Manuel opens up about mental, physical health struggles
At an emotional post-race news conference, Manuel detailed the difficult year that led to Thursday's disappointment. She revealed for the first time that she was diagnosed with "overtraining syndrome" in March, a condition she'd never heard of until then. Symptoms first arose in January, then escalated. She spent three weeks away from the pool, away from workouts of any kind, just two months before trials.
"It was kind of one of those bittersweet moments where my body wasn't doing what I knew it was capable of," she said.
Her exhaustion, she explained, was both mental and physical. She dealt with muscle soreness, insomnia, an elevated heart rate, anxiety and depression. She struggled to eat at times. She'd get "gassed" just climbing stairs. She loves the sport of swimming, but reached a point where she didn't even want to practice.
The pandemic, she said, and the isolation it required, might have contributed to all of this.
"Being a Black person in America played a part in it" too, she said. "This last year for the Black community has been brutal, and I can't say that that wasn't something that I saw. It's not something I can ignore. It was just another factor that can influence you mentally in a draining way.” As one of the few elite Black swimmers, she was often asked about the Black Lives Matter movement, about racism, about the sport's lack of diversity; far more often than her white peers were.

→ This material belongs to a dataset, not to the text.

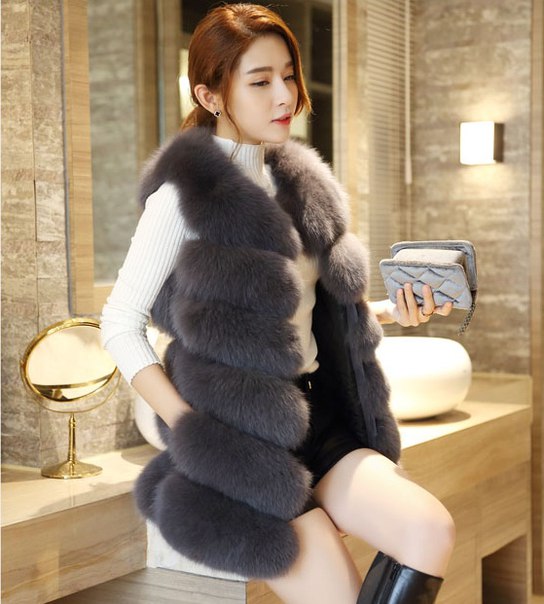 Теплая женская жилетка имитация меха лисы

She cried at times as she spoke about the difficulties. She called it her "biggest fight." She's consulted with doctors. She thinks she'll get back to her best, but for now ...
"Things still feel hard," she said of her return to swimming.
Manuel's path ahead
From the outside, to those who didn't know about the struggles, her elimination on Thursday was shocking. She swam her 100 free semifinal, the first of two heats, in 54.17 seconds, more than two full seconds slower than her American record time of 52.04.

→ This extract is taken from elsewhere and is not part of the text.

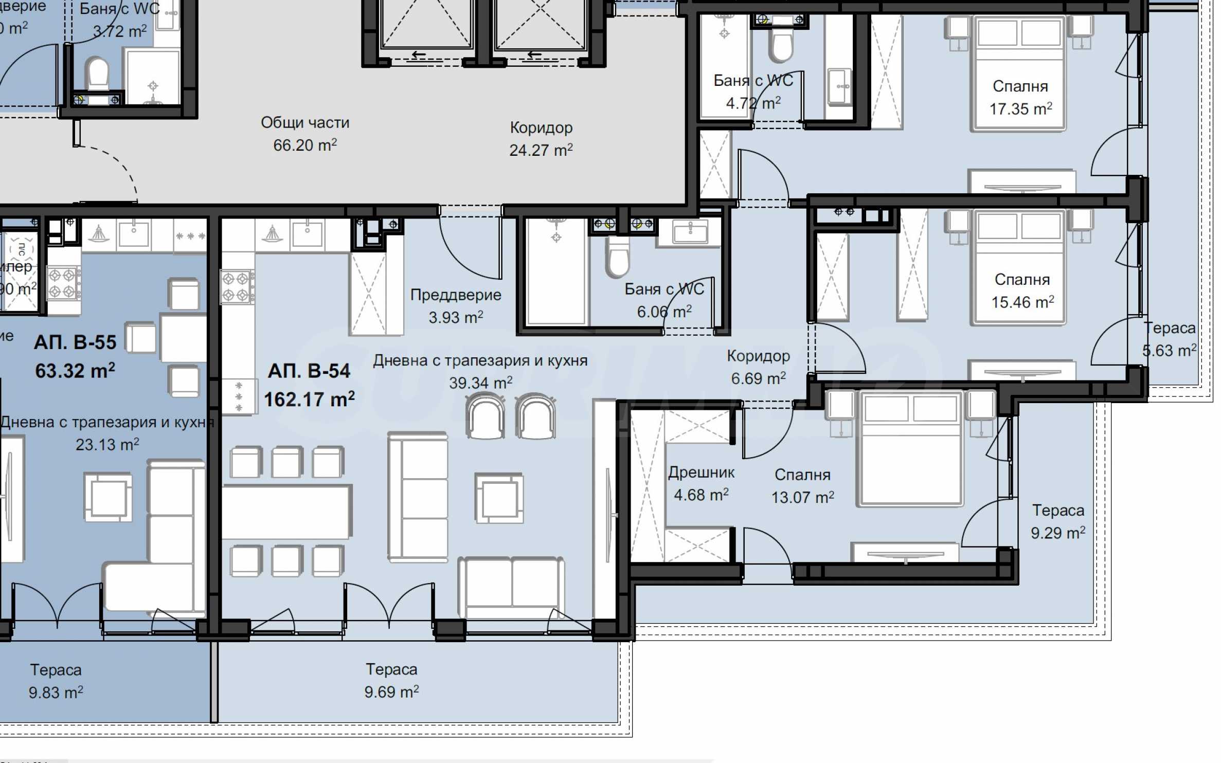 Имотът с обща площ от 199,24 кв.м е разположен на 8-и етаж от 8.

Manuel's outlook, though, was different.
"This was the first time I showed up to a meet and before I even dove in to race, I was proud of myself," she said. "I think that's a big step."
She still plans to swim the 50. Prelims are Saturday morning, semifinals Saturday night, and the final Sunday night.
"This isn't the last time you're going to see me," Manuel promised at the news conference. "And this isn't the last time I'm going to do something great in the pool."